Frag deinen Gewässerwart. Der weiß das 100%ig!


----------



## Jose (10. April 2011)

*AW: Während der Schonzeit angeln?*

frag zur sicherheit beim verein mal nach, auch ob bestimmte angelmethoden in der schonzeit verboten sind, z.b. wobbler, gufi, blinker, spinner, drop-shot etc., kurz "kunstköderverbot"?.

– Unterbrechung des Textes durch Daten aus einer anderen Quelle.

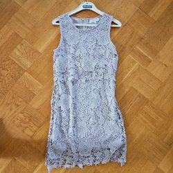 Blå klänning med ett vackert blommigt mönster i vitt och orange. Klänningen har en resår i midjan och en slits nedtill på ena sidan. Sval och skön sommarklänning. I nyskick.

edit: da war er wieder, Andal "der Schnelle", du schon wieder


----------



## Breamhunter (10. April 2011)

*AW: Während der Schonzeit angeln?*

Bei uns ist in der Hechtschonzeit generell verboten, mit Kunstködern  und mit Köderfischen zu angeln. 
Müßtest Dich mal erkundigen.


----------



## siloaffe (10. April 2011)

*AW: Während der Schonzeit angeln?*



-Robin- schrieb:


> Hallo!
> in dem verein, dem der weiher gehört neben dem ich wohne hat der hecht bis ende april schonzeit. darf ich bis da hin auch trozdem mit spinnködern auf barsche, etc fischen? würde die hechte dann wieder reinsetzen, aber darf man das überhaupt wenn hechte geschont sind?




Hey Robin #h
Wenn nichts anderes im Erlaubnisschein steht darfst du auf Barsch spinnen!#: 

Du solltest jedoch nicht gerade mit nem Hechtstreamer oder nem 20cm Wobbler ans Werk gehen da es dir schwer fallen wird zu erklähren das du nicht auf Hecht aus bist.....|kopfkrat 

Beim spinnen kann natürlich jeder Zeit ein Hecht einsteigen|bigeyes daher würde ich *IMMER ein Stahlvorfach* empfehlen. Da beim Abriss du nur nen Köder verlierst jedoch der Hecht dem du das Maul zugetackert hast *sein Leben lässt!!!!!!!!*:c 

Ach ja solltest du einen Hecht landen ist dieser da Saison bedingt geschützt Wie ein dauergeschützter Fisch zu behandeln.....|znaika:

Dann noch en dickes Petri Heil und viel Spass beim#:

MfG Markus


----------



## weserwaller (10. April 2011)

*AW: Während der Schonzeit angeln?*



Breamhunter schrieb:


> Bei uns ist in der Hechtschonzeit generell verboten, mit Kunstködern  und mit Köderfischen zu angeln.



Bei uns ist das widerum erlaubt.

Helfen kann da nur die Gewässerordnung des zuständigen Vereins.


----------